------ SOURCE DATA ------
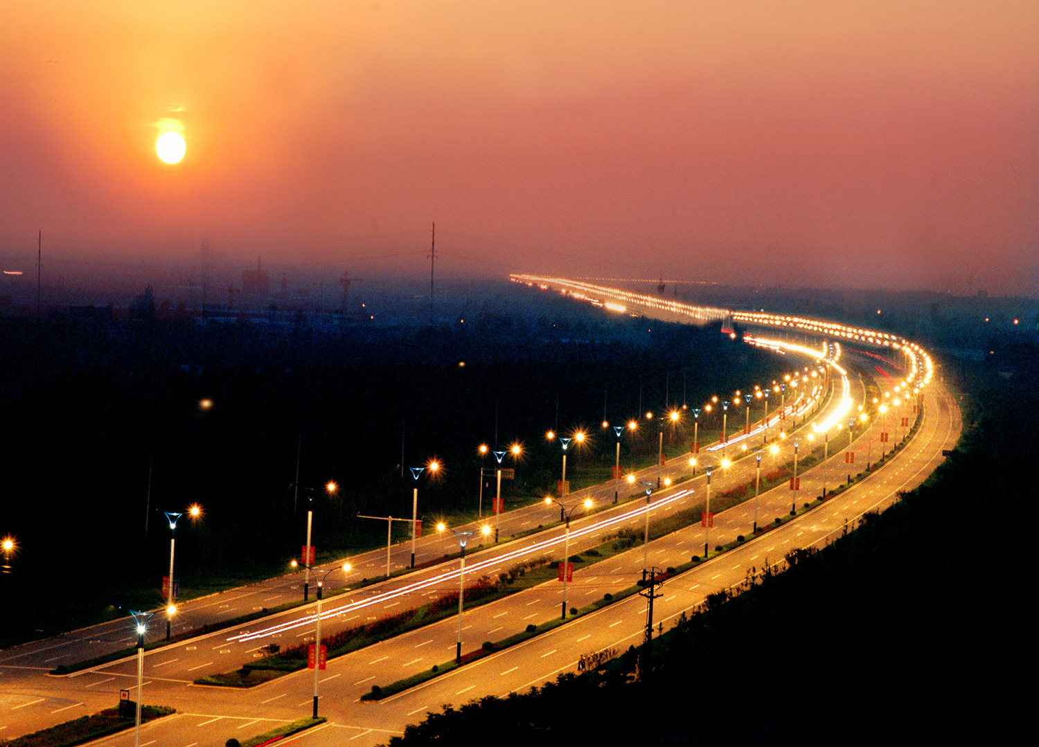 “遠(yuǎn)遠(yuǎn)的街燈明了,好像閃著無數(shù)的明星;天上的明星現(xiàn)了,好像點(diǎn)著無數(shù)的街燈”,光明大道路燈在夜晚就像一座金色的彩橋,照…
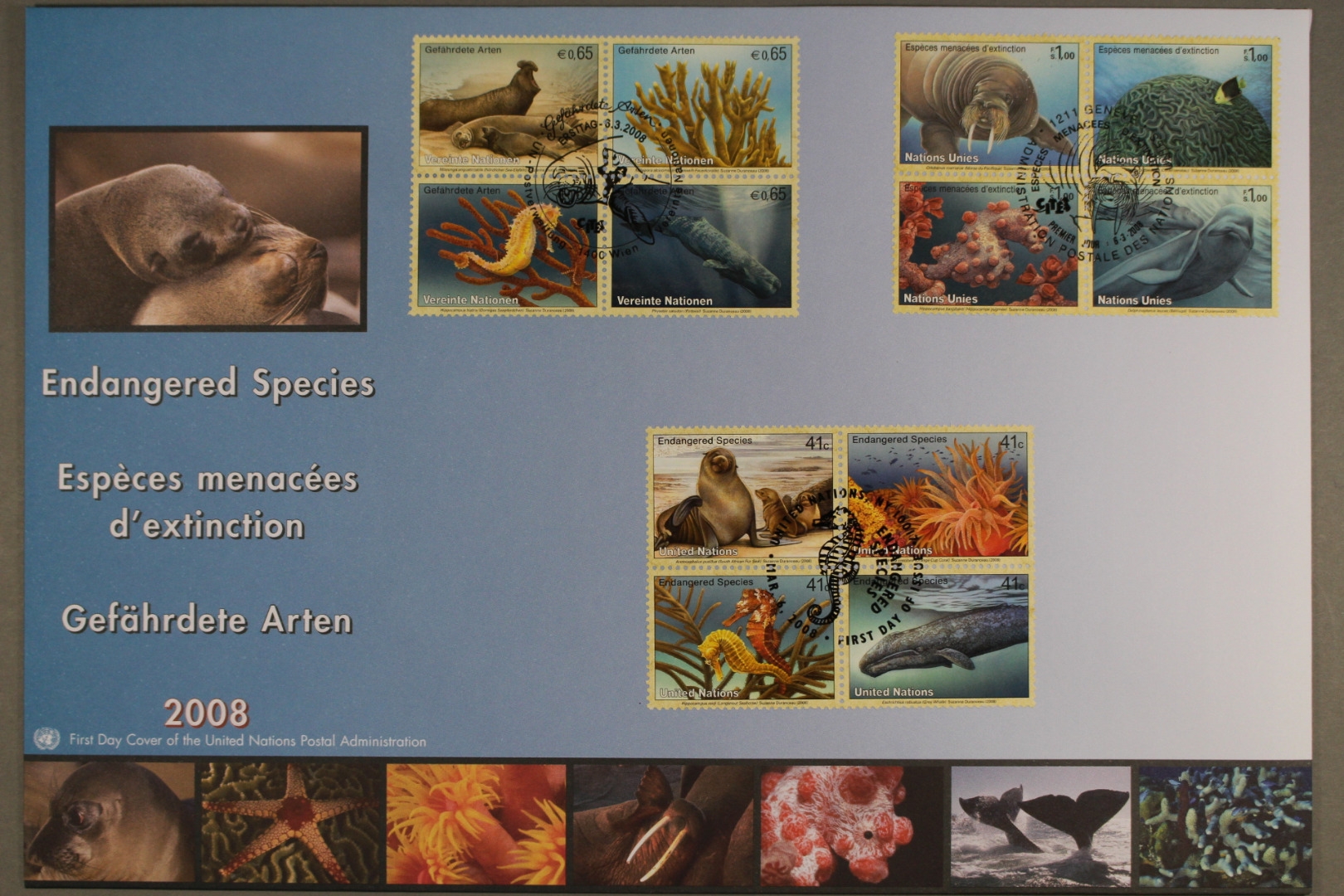 Gefährdete Arten: Meeresarten, NY 1079-1082, Genf 588-591, Wien 526-529.
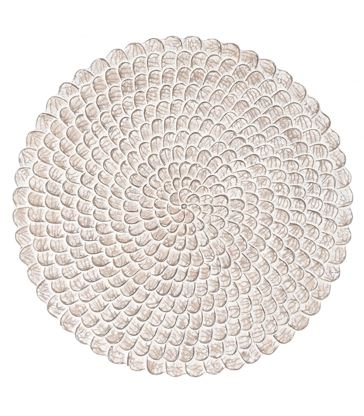 Cuadro decoración de pared realizado en mdf tallado acabado blanco decapado, grande y redondo de estilo étnico, una decoración de pared ideal para complementar cualquier estilo de decoración.
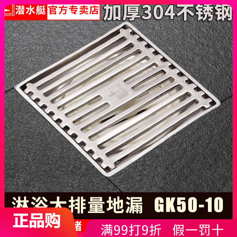 Saluran air kamar mandi, GK50-10 saluran air lantai kapal selam dipertebal 304 stainless steel, pembuangan bau lantai, perpindahan besar anti-pemblokiran
------
- [WHAT IS BEING ASKED]:
Reproduce the listing word for word and omit its pictures.

- [SOLUTION FOR THIS EXERCISE]:
 “遠(yuǎn)遠(yuǎn)的街燈明了,好像閃著無數(shù)的明星;天上的明星現(xiàn)了,好像點(diǎn)著無數(shù)的街燈”,光明大道路燈在夜晚就像一座金色的彩橋,照…
 Gefährdete Arten: Meeresarten, NY 1079-1082, Genf 588-591, Wien 526-529.
 Cuadro decoración de pared realizado en mdf tallado acabado blanco decapado, grande y redondo de estilo étnico, una decoración de pared ideal para complementar cualquier estilo de decoración.
 Saluran air kamar mandi, GK50-10 saluran air lantai kapal selam dipertebal 304 stainless steel, pembuangan bau lantai, perpindahan besar anti-pemblokiran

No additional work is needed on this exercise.